I cant see that he has weak fetlocks but hard to tell from pic and i would say that a deep girth is a good thing! And its not overly deep as far as i can see- hes stunnin'......bet you cant wait to get on him now.

Elz x


----------



## Ramble (Mar 29, 2007)

Thanks! Yeah, I was going to go riding today, but the weather turned into hurricane mimicry. Its horrible. I'm planning on training him to jump this summer. I should be interesting.


----------



## hsharp123 (Mar 22, 2007)

Oh im sorry, he is broken already! hehe silly me! Oh no nothing worse than getting drenched on a ride!

Yeh teaching babies to jump is very entertaining! Depending on what their interpretation of 'jumping' is! 
Flos is very graceful where as tenny is one of those prepare to take off jobbies! lol

Elz x


----------



## Ramble (Mar 29, 2007)

Yeah, I've seen him jump over a giant pile of sawdust last summer, and I was like WHOA! Since then I've been excited to to teach him to jump. 

Most of the riding I've been doing with him is pretty easy going, slow-ish trail rides.
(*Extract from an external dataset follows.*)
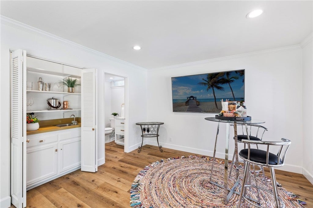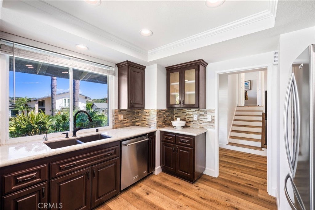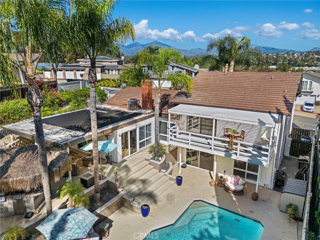 Nestled on a large lot in one of Mission Viejo's most desirable neighborhoods, this beautifully appointed 4-bedroom, 3-bath home offers a lifestyle that is hard to find and even harder to leave. From the moment you arrive, the soaring vaulted ceilings with exposed wood beams make a dramatic architectural statement that sets this home apart from anything else in the area. The sun-filled living room anchors the main level with a cozy gas fireplace, creating the kind of warm, inviting space that makes every day feel like a retreat. Throughout the entire home, luxury vinyl plank flooring and custom window coverings deliver a polished, cohesive look that feels both elevated and move-in ready. Every bathroom has been thoughtfully updated with modern finishes, and the primary bedroom features custom built-in closets designed to maximize both function and style. Upstairs, the bedrooms offer sweeping panoramic views that greet you each morning and invite you to unwind each evening. These are the kinds of views that remind you exactly why you chose Mission Viejo. Step outside and discover your own private multilevel backyard oasis, a designer outdoor living space crafted for both grand entertaining and quiet everyday enjoyment. The large sparkling pool serves as the centerpiece, surrounded by beautifully layered outdoor spaces, a built-in BBQ, and lush landscaping that provides both beauty and privacy. Tucked just off the pool is one of the home's most versatile features, a ground-level ensuite bedroom complete with a wet bar that opens directly to the outdoor living area. Whether you envision it as a private guest retreat, an in-law suite, or a game room, the flexibility this space offers is a rare find in this market. No HOA. No Mello-Roos. Optional Lake Mission Viejo membership available. Zoned for top-rated Saddleback Valley Unified schools including Mission Viejo High School, La Paz Intermediate, and Linda Vista IB Magnet Elementary.

We have a good gallop every now and then, if there's a nice spot. He's very fast! :wink: 

Does he look 'downhill' at all to you? I've also been told that by people.


----------



## hsharp123 (Mar 22, 2007)

He is slightly downhill but then i wouldnt worry as he is only rising 3. My mare didnt level up until she had turned 5, and as for my 3 yr old- well he changes shape on a weekly basis!

He will always have a large **** though.....hehe....thats the qh but i should imagine he will level up nicely!

hes lovely!!!

Elz x


----------



## alucard (Dec 8, 2006)

Hes CUTE!!! I like him! he looks very sweet. Who said he had weak fetlocks? And why? doesn't look like it to me! I like deep girths, more lung power! lol. He looks like a sweety!


----------



## prettypalfrey (Mar 12, 2007)

Definately sweet. And as for big bums whats a qh without one of those.


----------



## Ramble (Mar 29, 2007)

Yeah, he definetley is growing a quarter horse bum. 

Heres two more pics from yesterday. Excuse his tail, I braided it and put it up like that so he wouldn't get it all muddy. I think he knew that he looked like a dork. 

My little sister was taking the pictures so I didn't get very many good ones.


----------



## barnrat (Jan 1, 2007)

I really like that first picture, he has a really stunning trot...Is it safe too teach a horse to jump when there three? sounds a bit hard on them to me.....


----------



## Horse_love999 (Mar 17, 2007)

i think he looks great, and i dont see the deep fetlocks, and he is still maturing.  He looks like a sweet boy.

-chelsea-


----------